In a move that signals further geopolitical calibration in India’s external security posture, the government has appointed Rahul Rasgotra, former Director General of ITBP and a 1989-batch IPS officer from the Manipur cadre, as National Security Advisor to Mauritius
. Traditionally and historically, an Indian bureaucrat, an IPS officer, gets nominated by the government of India as the NSA of Mauritius.Rasgotra retired only in September from the position of DG, ITBP, but his transition into a strategically sensitive overseas role is more than just routine. Traditionally, such appointments have been dominated by officers with a deep RAW pedigree, with the external security and intelligence nuances involved in advising a friendly foreign government.
Mauritius, which shares a longstanding maritime and strategic partnership with Delhi in the Indian Ocean Region, has seen Indian experts with RAW experience channelled into the NSA post for decades now. The choice of Rasgotra, who spent his career straddling internal security rather than covert external operations, is a subtle departure from that template.
However, his resume offers clues. Before taking over ITBP, Rasgotra served as Special Director in the Intelligence Bureau, handling and managing complicated layers of counterinsurgency, border management, and domestic intelligence. His IB years have been quiet, methodical, and insulated from publicity. His tenure was widely viewed within the security establishment as his strongest credential, said one of his batchmates who too served in the IB. Rasgotra served in high-profile positions in Islamabad and Washington in phases. He earned a reputation for operational clarity, steady nerves, and the ability to handle politically sensitive theatres without noise, added the retired IPS officer.
“What makes this appointment stand out is the government’s decisions through action that include India’s external engagements, especially in the Indian Ocean. The region now demands hybrid intelligence experienced officers who understand both the domestic pulse and the geopolitics around it,” said another senior police officer. Rasgotra’s tenure in ITBP, guarding some of India’s most volatile frontlines with China, also gives him unique insight into border militarisation and the tactical realities of great-power competition in India’s backyard, he added.
Mauritius today is more than a friendly diaspora nation. It has now become a gateway for India’s strategic depth, maritime cooperation, cybersecurity partnerships, and counter-radicalisation frameworks. It is also a space where China’s shadow grows longer with each passing year. Rasgotra’s appointment reflects a shift. India is placing a premium on quiet operators, not necessarily the traditional external-intelligence picks, who can build trust, strengthen institutional capacity, and keep the Indo-Mauritius security architecture closely aligned.

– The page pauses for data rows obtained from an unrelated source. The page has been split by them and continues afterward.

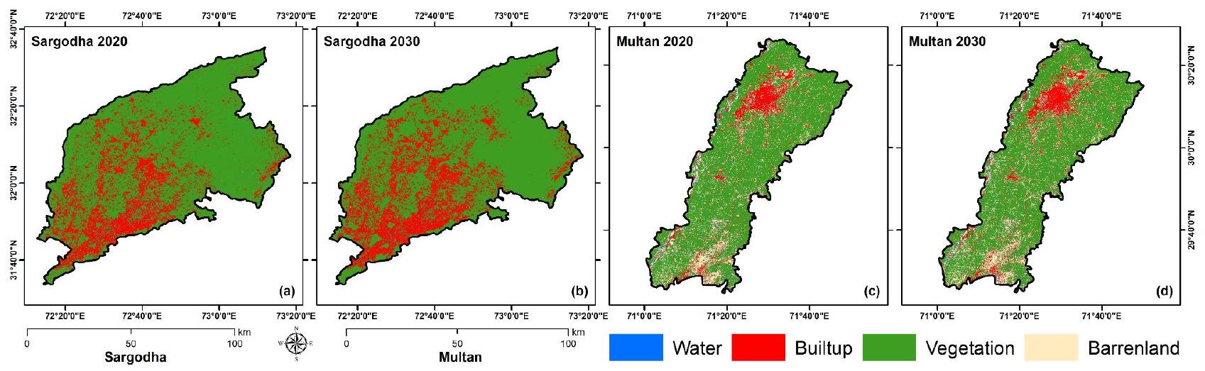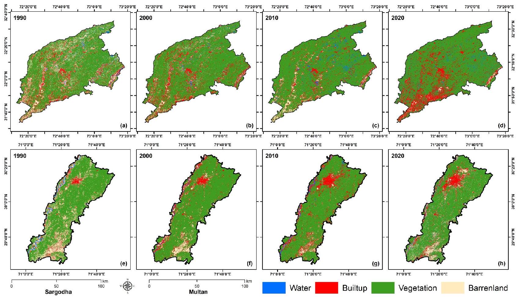 لقد زاد التوسع الحضري والتغيرات في استخدام الأراضي/غطاء الأرض (LULC) بشكل مكثف في العقود الأخيرة بسبب النشاط البشري، مما يؤثر على المناظر الطبيعية البيئية والتنموية. درست هذه الدراسة التغيرات التاريخية والمتوقعة في LULC وأنماط النمو الحضري في منطقتي ملتان وسرغودها، باكستان، باستخدام صور الأقمار الصناعية من لاندسات، والحوسبة السحابية، ونمذجة التنبؤ من 1990 إلى 2030. تم تقسيم تحليل صور الأقمار الصناعية إلى أربع فترات زمنية (1990-2000، 2000-2010، 2010-2020، و2020-2030). سهلت منصة محرك جوجل الأرض السحابية تصنيف صور لاندسات 5 ETM (1990، 2000، و2010) وصور لاندسات 8 OLI (2020) باستخدام نموذج الغابة العشوائية. تم استخدام نموذج محاكاة يدمج الأوتوماتا الخلوية وشبكة عصبية اصطناعية متعددة الطبقات في ملحق MOLUSCE من QGIS للتنبؤ بالنمو الحضري حتى عام 2030. أظهرت الخرائط الناتجة مستويات دقة عالية باستمرار تتجاوز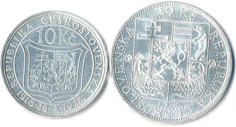 | 362. | 10 Kč 1928 TGM, 20 Kč 1937 TGM, Ag, 2ks | 0/0 | 440,- | 440,- |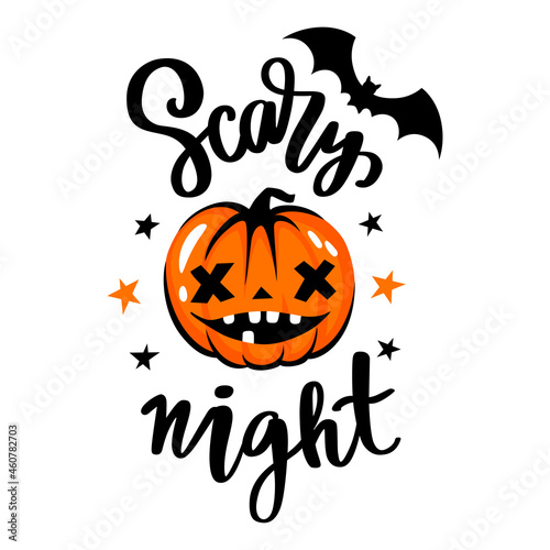 Halloween pumpkin face illustration. Cartoon vector character. Funny autumn symbol.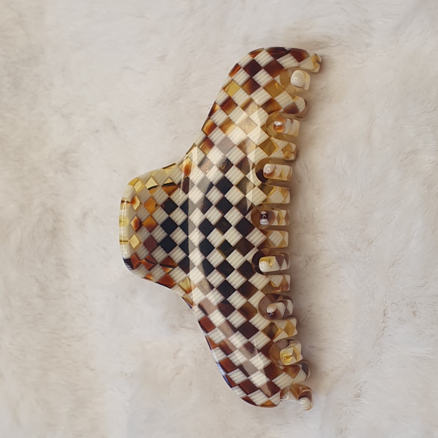 *Design et Motif : Le motif est un damier brun, ambre et crème qui confère un style très distinctif et moderne. Les larges ailes de la pince sont clairement visibles lorsqu’elle est ouverte.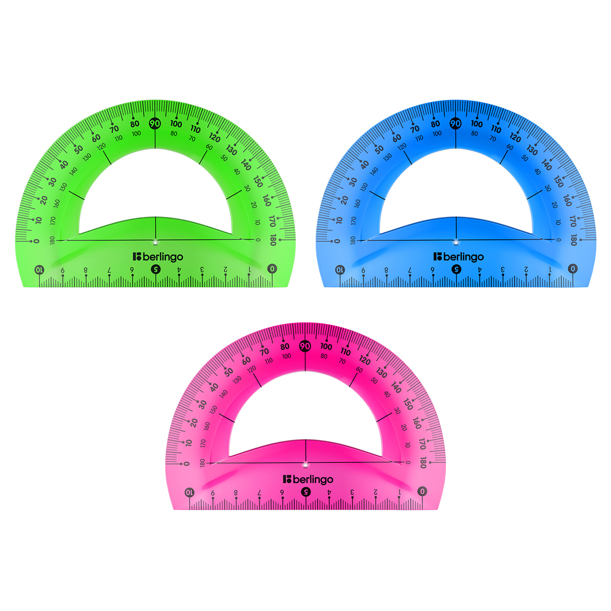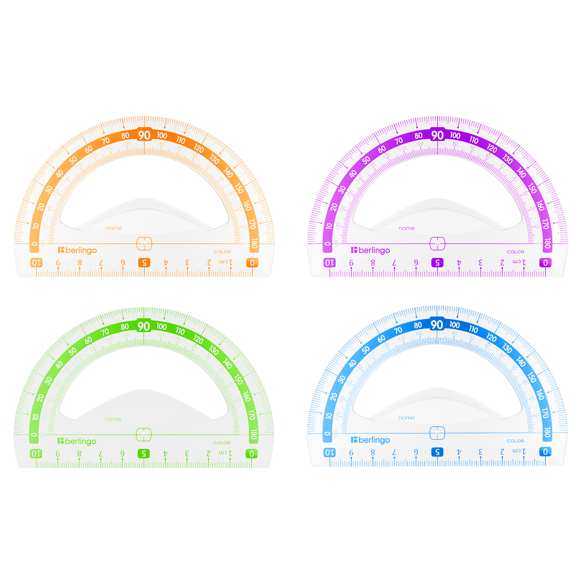 Транспортир 10см, 180° Berlingo "Color", пластиковый, ассорти, европодвес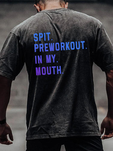 Spit Preworkout In My Mouth back printed Washed Gym Shirt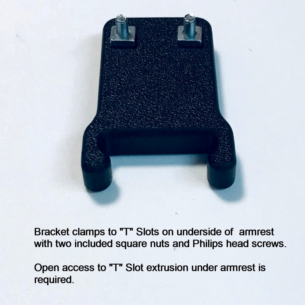 • The Pride Quantum Q6 Edge Bracket mounts in the Dual "T" Track aluminum extrusion underneath the armrest utilizing screws and nuts supplied with the bracket.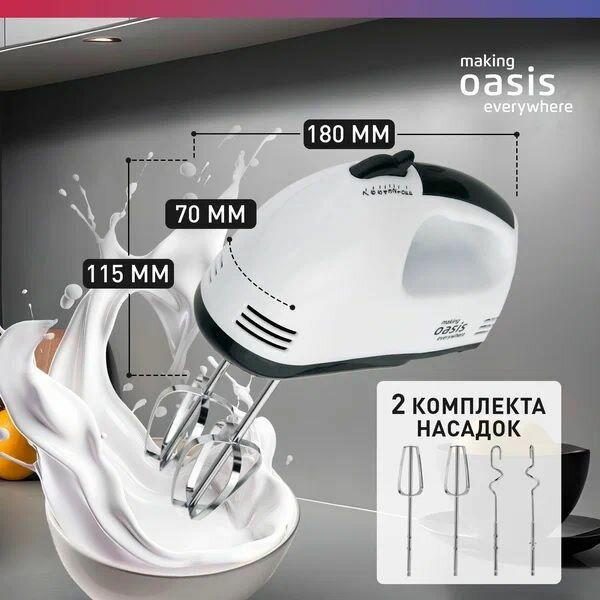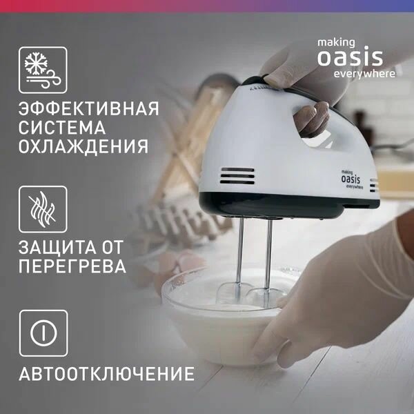 Отзывы на Миксер ручной OASIS MH-30W, белый, 300 Вт, 7 скоростей, заводская, полная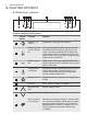 www.electrolux.com 4. VALDYMO SKYDELIS 4.1 Elektroninis valdymas 1 2 3 4 5 6 7 8 9 10 11 Prietaisą valdykite jutiklių laukais. Jutiklio laukas 1 2 3 4 5 6 7 8 - Funkcija Pastaba ĮJUNGTI / IŠ‐ JUNGTI Įjungiamas ir išjungiamas prietaisas. Kaitinimo funkci‐ jos arba Recep‐ tai Vieną kartą palieskite jutiklio lauką, kad pasir‐ inktumėte kaitinimo funkciją arba meniu. Re‐ ceptai. Dar kartą palieskite jutiklio lauką, kad perjungtumėte meniu: Kaitinimo funkcijos, Re‐ ceptai.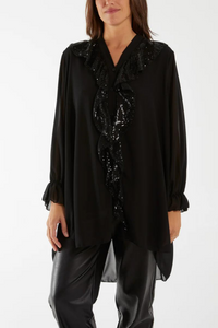 Relaxed Fit Long Sleeves Frilled Front Sequin Detail Tunic Top in Black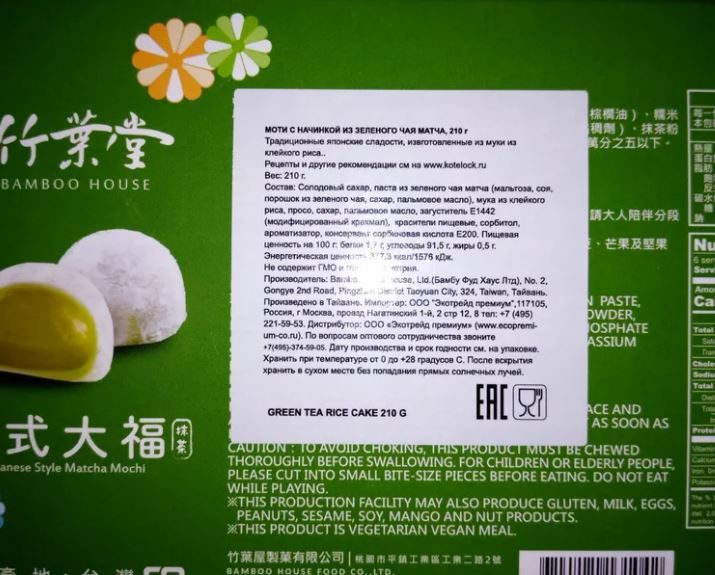Японское рисовое пироженое моти "Матча" 210 гр. Тайвань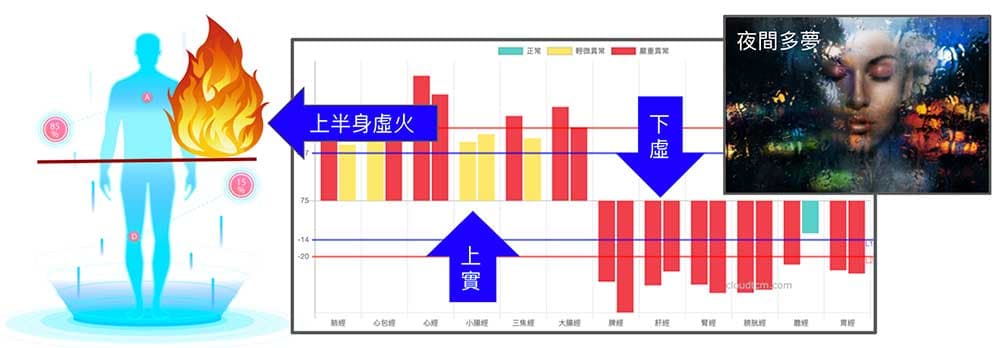 夜間多夢的經絡型態,常見於心經與脾經、腎經相關異常型態,鐵三角經絡型態,或是上實下虛經絡型態。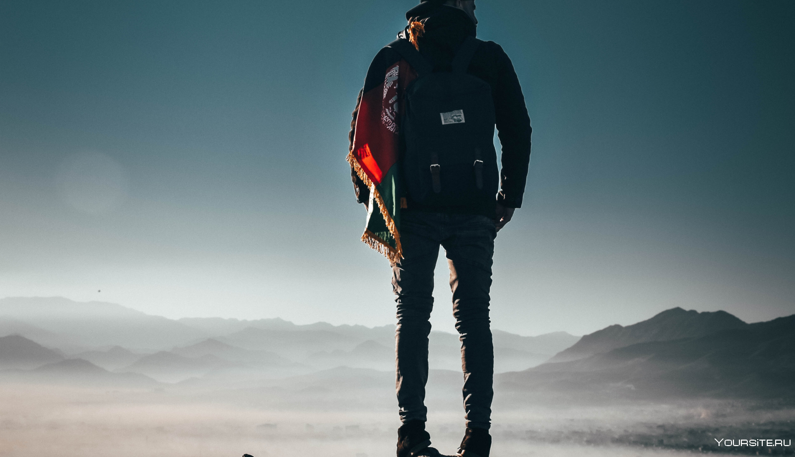 16. Парень в горах со спины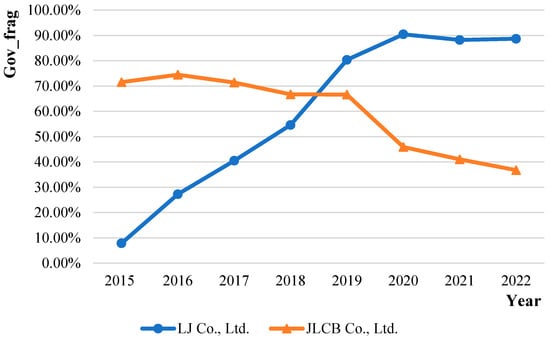 Figure 3 reveals the annual average level of governance fragmentation in forestry communities previously managed by SOFEs of these two forest industry groups. Theoretically, the level of governance fragmentation should follow an inverted U-shaped curve with its opening facing downwards throughout the entire reform period. The inverted U-shaped curve indicates the transition of governance functions and responsibilities from SOFEs to local governments and an ideal state where governments, not SOFEs, bear all the relevant community governance responsibilities and work after the complete and final separation of government and social functions from SOFEs. During this process, the level of governance fragmentation shows an initial upward trend followed by a decline. It can be observed that the governance fragmentation level of the communities under LJ Co., Ltd.’s SOFEs shows an upward trend each year, with a noticeable increase after 2018. This indicates that as administrative and social functions are transferred to the government, the actual participants in relevant management and service activities gradually involve both the enterprises and local governments, leading to an increase in the level of fragmentation. In 2020, LJ Co., Ltd. finished the transfer of 2151 administrative powers of forestry community governance from the SOFEs to local governments, and passed the national acceptance that year, marking a turning point reflecting the transfer of governance leadership. There was also a significant decrease in the average governance fragmentation level in 2019 for JLCB Co., Ltd., possibly due to significant progress in the functional transfer work completed in that year before the reform acceptance in 2020. The trend line of JLCB Co., Ltd. in Figure 3 shows a distinctly different pattern compared to the trend line of LJ Co., Ltd. because LJ Co., Ltd. was in the early stage of functional transfer and did not reach the inflection point until 2020, while JLCB Co., Ltd. reached the inflection point since 2016 and entered the later stage of substantive work transfer, with the local governments taking the dominant governance position. This can further explain why, in the later stage of the average monthly interaction, the number of days of interaction between SOFEs and local governments for LJ Co., Ltd. exceed those of JLCB Co., Ltd. in Figure 2.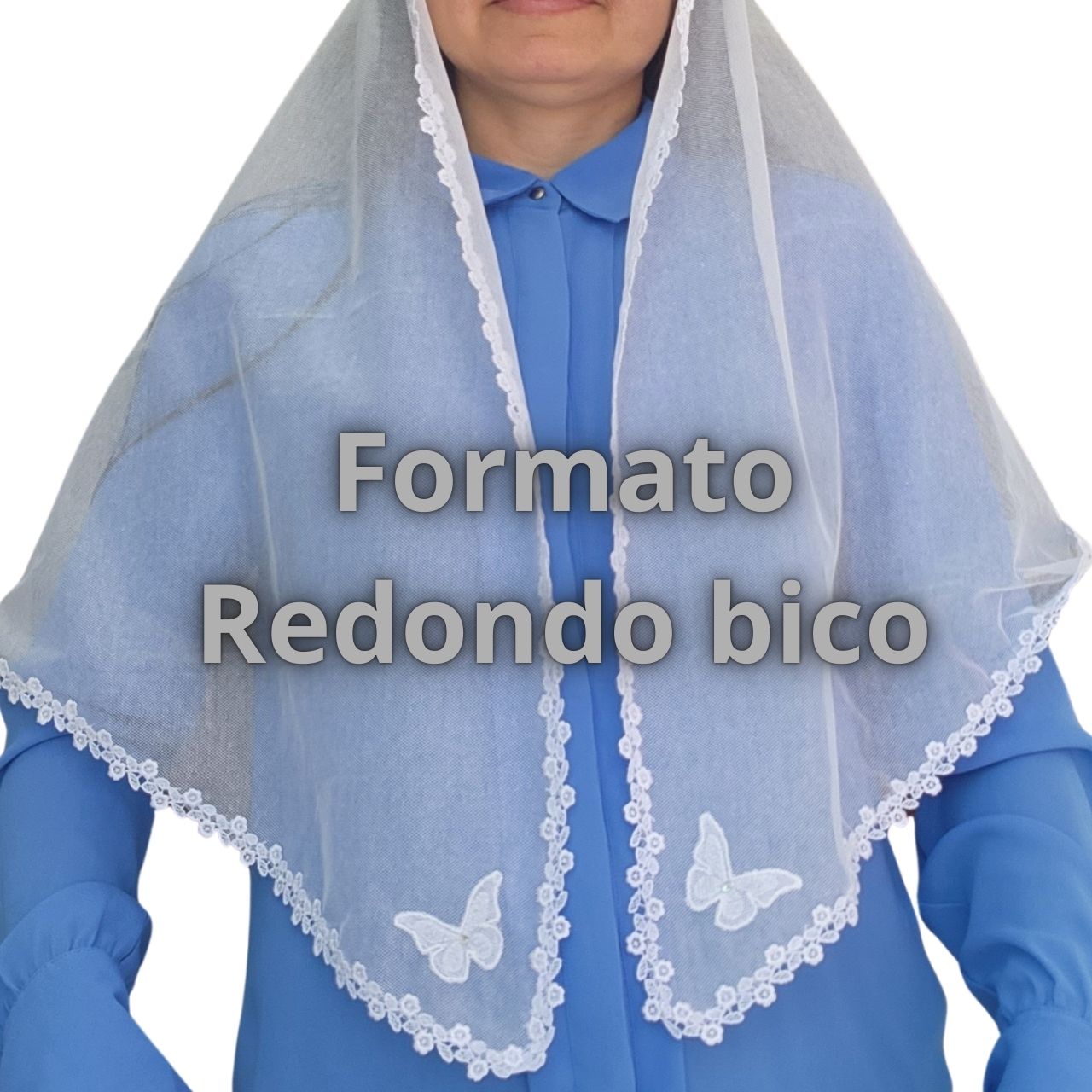 RETANGULAR = Ou véu Quadrado, é o formato mais tradicional. Ele é um retângulo com 4 bicos.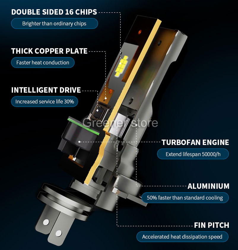【Une durée de vie de plus de 50 000 heures】 Avec un corps en aluminium d'aviation et un ventilateur turbo de refroidissement de 15 000 tours par minute, nos ampoules H7 offrent une capacité de refroidissement exceptionnelle, ce qui garantit une durée de vie plus longue, jusqu'à 50 000 heures.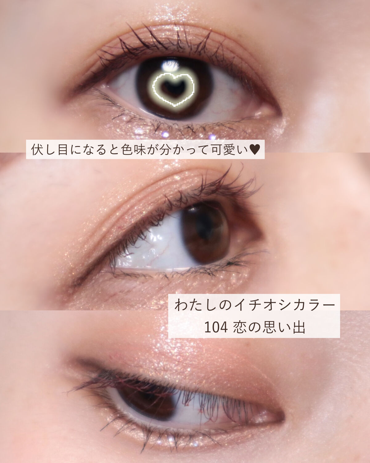 上まぶたに使っても濡れツヤ感がとても綺麗で 涙袋に使ってもぷっくりと爆誕してくれる万能シャドウ🫶🏻 サイズが小さめながら1つ3,520円という ちょこっと贅沢なアイシャドウ。 これを上下のまぶたに塗るだけで簡単に グラデーションもできて上品なおしゃれな目元に🥺💗 パウダーなんだけどクリームのような質感も 兼ね備えている新感覚なアイシャドウ パウダーとは思えない濡れツヤ感のある仕上がりなの! メタリックっぽさも感じられる不思議な輝きもありつつ ぎっしりパールでめちゃくちゃ華やかな輝きもあるよ〜☺️💗

An Island Posting That Mirrors Delhi’s Power Play
The 1974 India-Mauritius security treaty and later, the silently decisive Operation Lal Dora in the 1980s, both in a way, cemented New Delhi’s tradition of stationing its own in Port Louis. For decades now, the post has been seen as a cushioned parking bay for the PMO’s preferred “blue-eyed pearls”, drawn from RAW or the Cabinet Secretariat.
However, this time, there is neither a Cabinet Secretariat chosen bright spark nor a RAW heavyweight flying out. Rahul Rasgotra’s appointment breaks that pattern, even though his own trajectory is interesting. He retired as DG ITBP in September.
Mauritius NSAs have historically emerged from the Indian Army and, in later years, from RAW and even the UK, reflecting the island nation’s layered security legacy. There is precedent within the Intelligence Bureau itself. Bibhuti Bhushan Nandy served as NSA in Port Louis after rising in the bureau and heading the ITBP.
Through the 2000s, however, the posting effectively became a Cabinet Secretariat preserve, dominated by a line-up of senior mandarins including Gurinder Singh, Shantanu Mukharji, Llango, Vivek Johri, and, most recently, Rasgotra. His nomination signals continuity of the PL tradition, but with a subtle shift in Delhi’s choices and expectations.